# Rockwell/Delta 6" Jointer (1968?)



## GlennsGrandson (Jan 29, 2012)

Just bought my first Jointer. It is a Rockwell/Delta 37-220 6" jointer in need of some elbow grease. The Serial number is EC8977 which I believe is from about 1968. Seems as if everything works, blades look decent, lots of rust on the bed, enclosed base, missing back cover, missing out table lock knob, rust. From my first take with a standard rust remover the bed seems fairly flat, I know there is shiny metal under there somewhere, what is the best way to get to it? Then what should I coat it with? I really don't know anything about Jointers and maintenance except that I know a well tuned one is very nice to have.

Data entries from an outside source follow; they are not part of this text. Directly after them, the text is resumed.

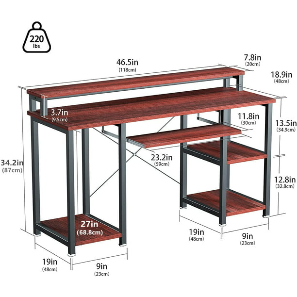 47" Computer Desk with Monitor Stand, Storage Shelves and Keyboard Tray Studying Writing Table for Home Office, Cherry - Walmart.com
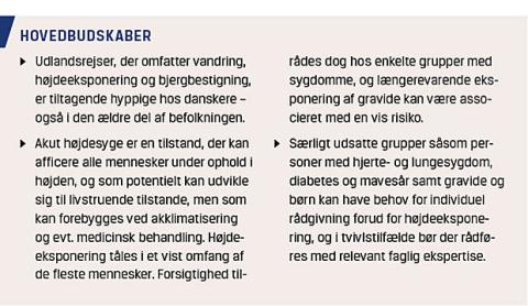 I to artikler er de medicinske aspekter af bjergvandring og højdeeksponering gennemgået på et overordnet plan. Rejser til højtbeliggende egne er forbundet med øget risiko hos særlige grupper, såsom personer med hjerte- og lungesygdom, diabetes og mavesår samt gravide og børn, og disse personer kan forud for sådanne rejser have behov for individuel rådgivning.
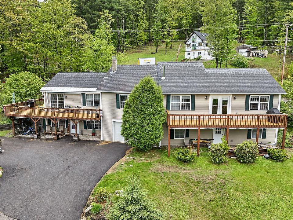Welcome to 108 Mountain Drive in Gilford, NH—a versatile and impeccably maintained ranch offering the perfect blend of comfort, flexibility, and breathtaking views. This unique property features a total of 5 bedrooms and 4.5 bathrooms, thoughtfully divided into two distinct living spaces: a spacious 3-bedroom, 2.5-bath main residence and a separate 2-bedroom, 2-bath accessory apartment. Each unit boasts its own private entrance, parking, utilities, and deck, ensuring privacy and convenience for multi-generational living or rental opportunities. Situated on 0.57 acres in the desirable Gunstock Acres community, this home offers deeded beach access to Lake Winnipesaukee and is just 1.5 miles from Gunstock Mountain Resort, providing year-round recreational activities. The main residence features an open-concept layout with a fully applianced kitchen, a primary suite with two walk-in closets, and a large family room. The accessory apartment includes a fully equipped kitchen, living room, and bedrooms on both floors, making it ideal for guests or tenants. Whether you're seeking a serene family retreat, an income-generating property, or a combination of both, 108 Mountain Drive delivers endless possibilities in a picturesque setting.
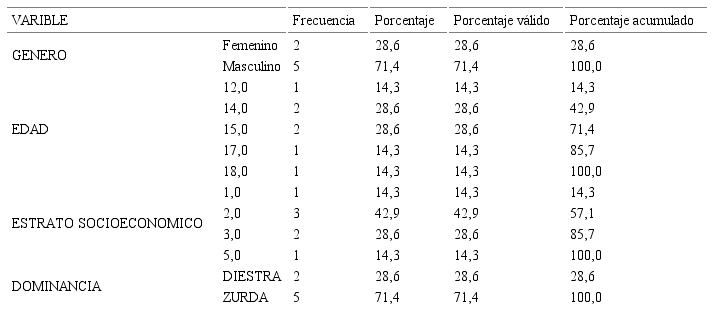 La tabla muestra las características sociodemográficas de la población a estudio (n=7) (tabla1), se puede observar que la mayor frecuencia de la población es de género masculino con un total de 5 deportistas. De igual manera se evidencia que el mayor número se encuentran en el rango de edad entre 14 y 15 años. En cuanto al estrato socioeconómico se observó que el mayor número de los deportistas pertenecen al estrato 2-3 y con una mayor frecuencia se encuentran la dominancia izquierda (71%).
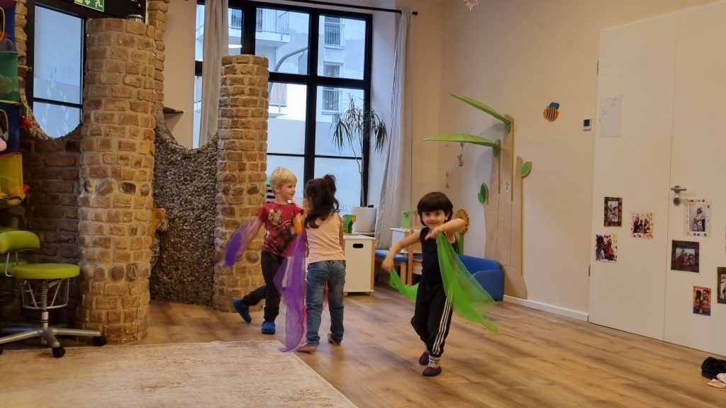 Im Kindertanz geht es darum, die natürliche Lust an Tanz und Bewegung zu fördern. Aber natürlich auch um Takt und Gefühl. Unsere „Großen Forscher“ tauchen hierbei spielerisch in die Welt des Tanzes ein. Den Schwerpunkt bilden Tanz und Improvisationsspiele, sowie das Erlernen elementarer Tanzbewegungen. Dadurch lernen die Kinder ihren Körper bewusst zu erleben. Sie entwickeln Spaß an der Bewegung und Freude am körperlichen Ausdruck. Dabei werden Muskeln gekräftigt und Haltung, Motorik, Fantasie, Musikalität und Rhythmik geschult.
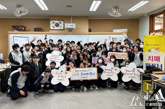 미디어아워 이호민 기자 | 포항시 북구보건소 치매안심센터는 7일 포항 청하중학교 신입생 52명을 대상으로 치매 파트너 교육을 실시했다.
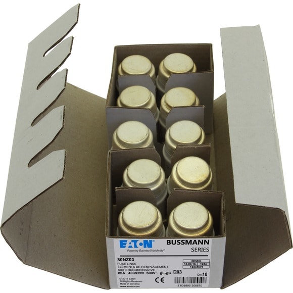 Eaton Industries France SAS - Cartouche fusible, Basse tension, 80 A, AC 400 V, D03, gL/gG, IEC, lent - 80NZ03
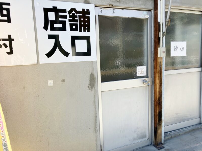 入り口は看板横にあるこちらのアルミの扉。
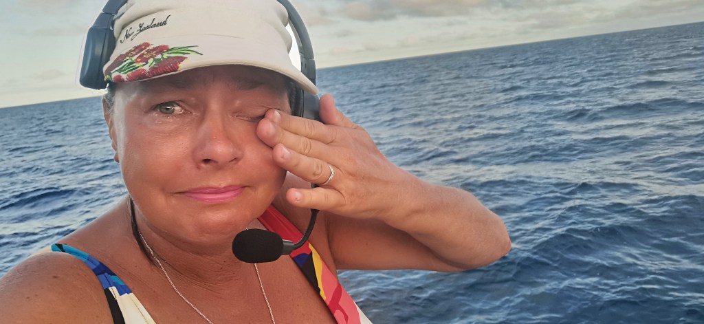 The most wonderful treat we had…aside from Veejay’s food…was the night before we were leaving. We’d just come back to Dazzler and put Sparkle on the foredeck when I received a text message from our friend Va. She was actually here in Savusavu at the yacht club. I explained that we were unable to come in as the tender was loaded on deck and before we knew it she’d hired a longboat to come out to Dazzler to see us. Yes….I think it’s safe to say we’ve amassed a few very good friends here in Fiji.
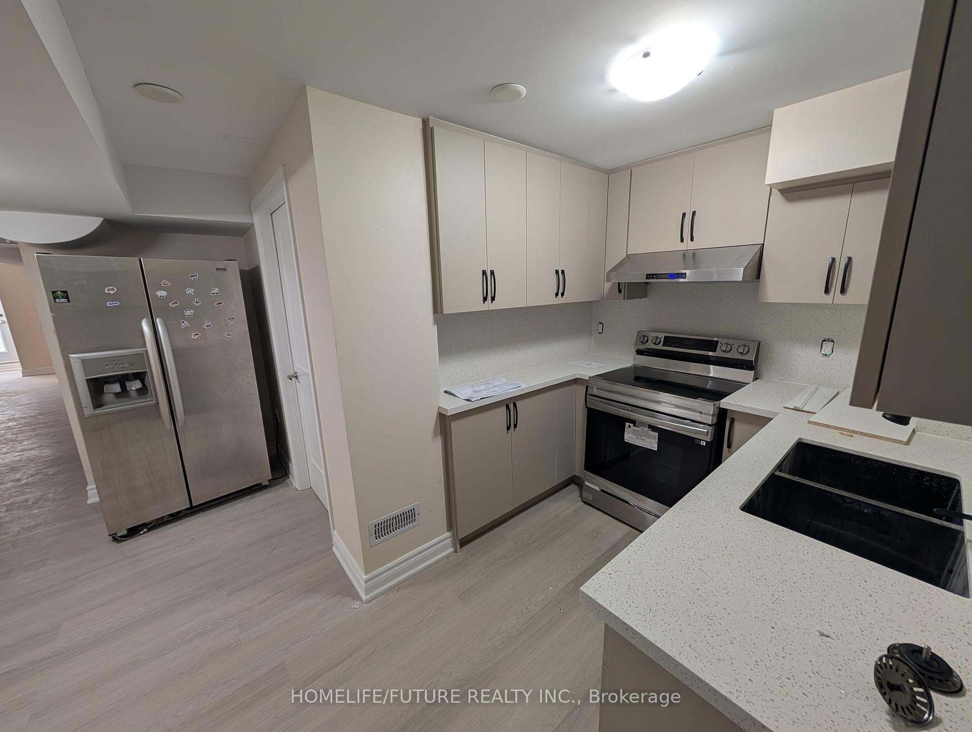 Newly Built Basement Apartment With A City Permit, With Two Bedroom, One Full Bathroom Lower Level, Separate Entrance! Parking Included. Within A Secure Community. Beautiful New Kitchen With Centre Island And Backsplash, Brand Stove With Modern Range Hood! Brand New Place And No One Lives Before (Insuite Laundry). In High Demand Community Area Legacy Community, Close To Local Amenities! Longo's, Rexall, Walmart, Costco And Medical Centre. Near Highly Rated Schools, Just Beside Parks, Easy Access To Highway 407 And Highway 7.
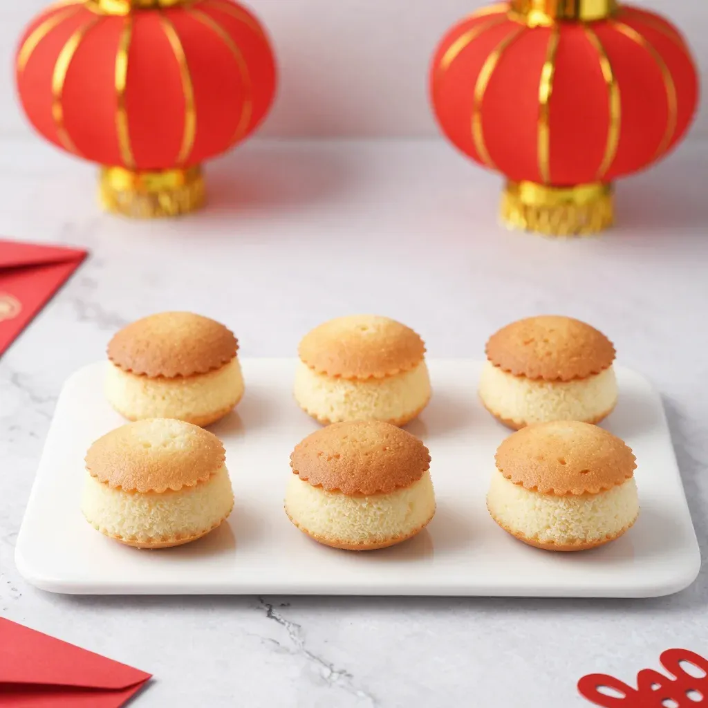 Six golden-brown sponge cakes with a glossy top and tender interior are neatly arranged on a white rectangular plate, illuminated by warm, soft light that highlights their texture and color, creating a cozy and inviting atmosphere. The red lanterns in the background add depth and context to the festive setting.
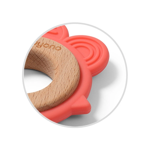 Połączenie certyfikowanego drewna bukowego i bezpiecznego silikonu przeznaczonego do kontaktu z żywnością zapewnia zróżnicowane tekstury dla stymulacji sensorycznej.
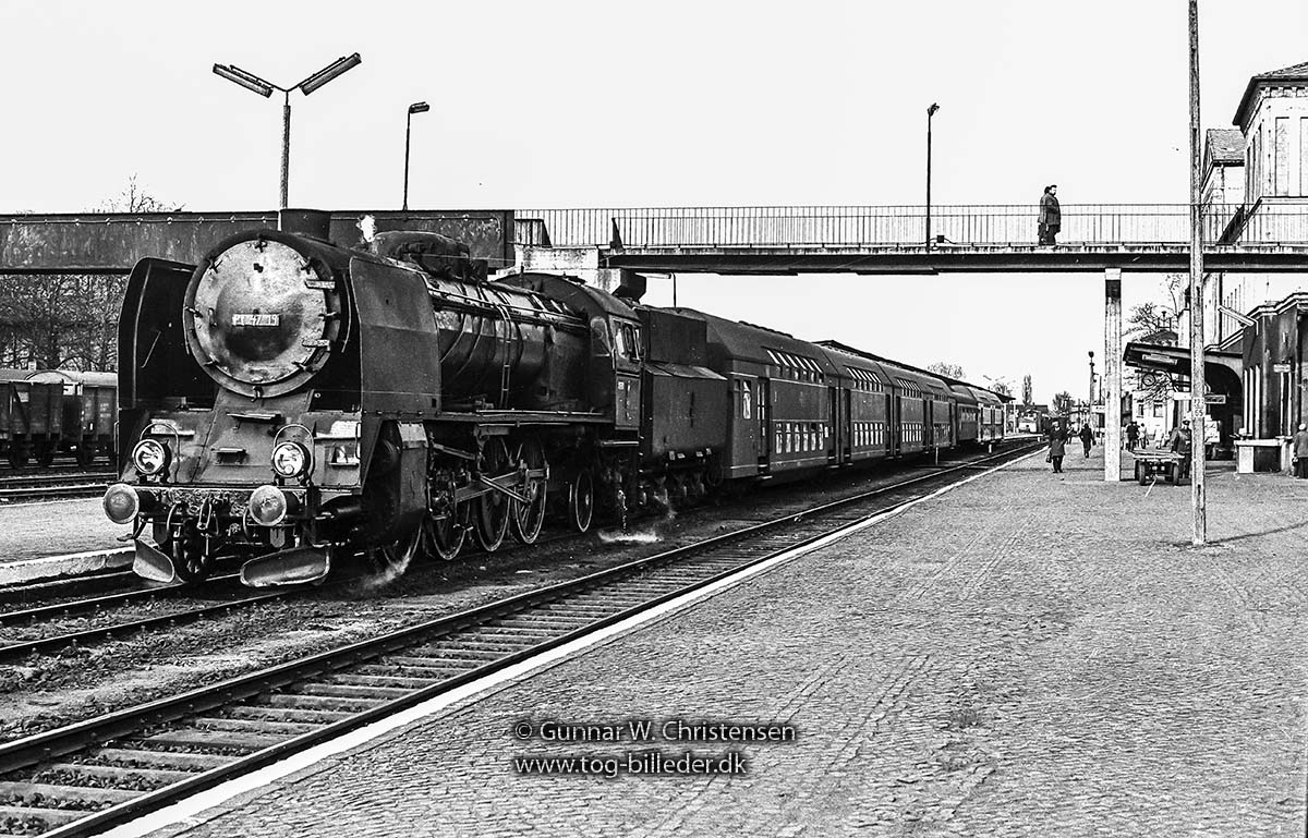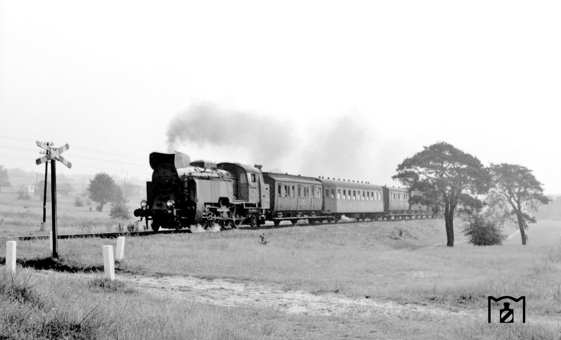 Komentarz: Na fotografii oglądamy krótki pociąg osobowy w transgranicznej relacji łączącej położone na terenie NRD Forst z Żaganiem. Skład współtworzą parowóz pospieszny serii Pt47 oraz dwa wagony bezprzedziałowe klasy 2 typu 120A. Zestawienie nie powinno stanowić trudności w rekonstrukcji do Trainz.

I will try to get some pictures on here soon. I paid $100 for it. I don't think I can go wrong, I've saw similar ones going for $800 on ebay (but who really knows if that's right).

Any info on restoration tips or anything other hints on what to do or not to do would be great. Thanks for everyones time!


----------



## LeeBarker (Aug 6, 2010)

Your best resource: (this guy wrote for Fine Woodworking).

This sweetheart machine is going to become a lifelong friend in your shop!

Kindly,

Lee


----------



## GlennsGrandson (Jan 29, 2012)

Thank you very much Lee, the jointer in the video is almost identical to mine besides a 2" difference. Very helpful.


----------



## GlennsGrandson (Jan 29, 2012)

Process is going well, I got the beds shining real bright! I have it all disassembled right now, it'll be awhile but I'm gonna get it cleaned up and paint it close to it's original colors.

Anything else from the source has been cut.